→ **Dataset excerpts**
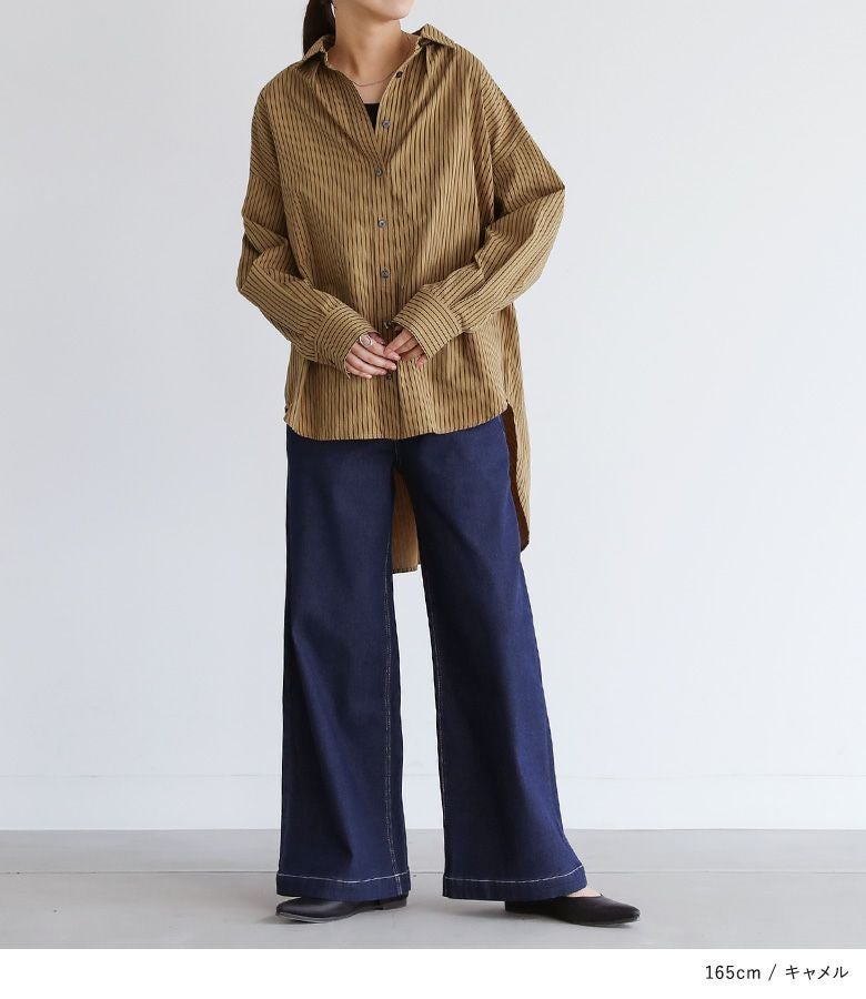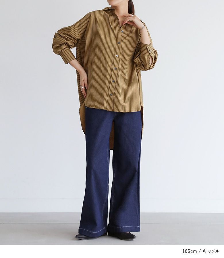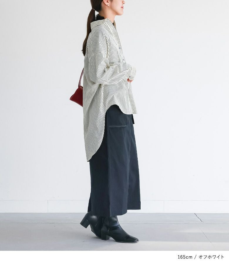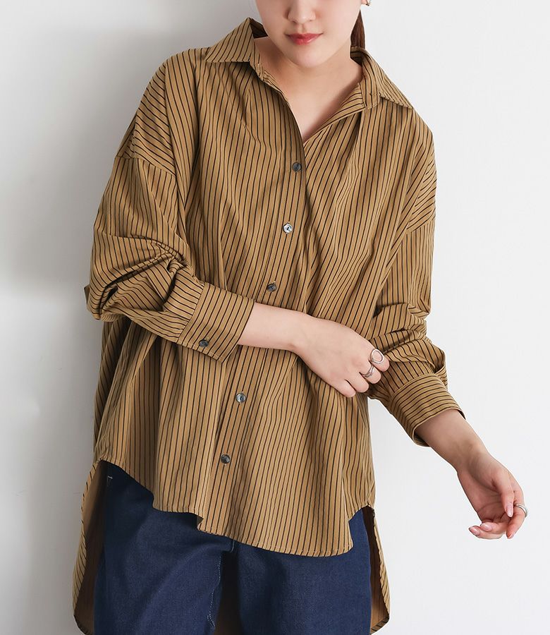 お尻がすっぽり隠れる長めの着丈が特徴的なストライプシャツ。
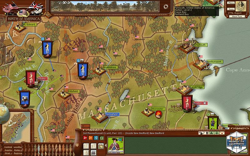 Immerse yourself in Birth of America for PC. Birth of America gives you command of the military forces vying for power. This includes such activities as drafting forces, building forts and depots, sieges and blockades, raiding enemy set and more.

...

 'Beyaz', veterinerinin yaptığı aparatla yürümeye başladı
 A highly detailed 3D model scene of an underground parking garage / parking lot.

→ **Aim of the exercise**
The lines to reproduce run from the one above containing "お尻がすっぽり隠れる長めの着丈が特徴的なストライプシャツ。" through the one containing "Immerse yourself in". Copy them exactly and leave out all pictures.

→ **Exercise output**
 お尻がすっぽり隠れる長めの着丈が特徴的なストライプシャツ。
 Immerse yourself in Birth of America for PC. Birth of America gives you command of the military forces vying for power. This includes such activities as drafting forces, building forts and depots, sieges and blockades, raiding enemy set and more.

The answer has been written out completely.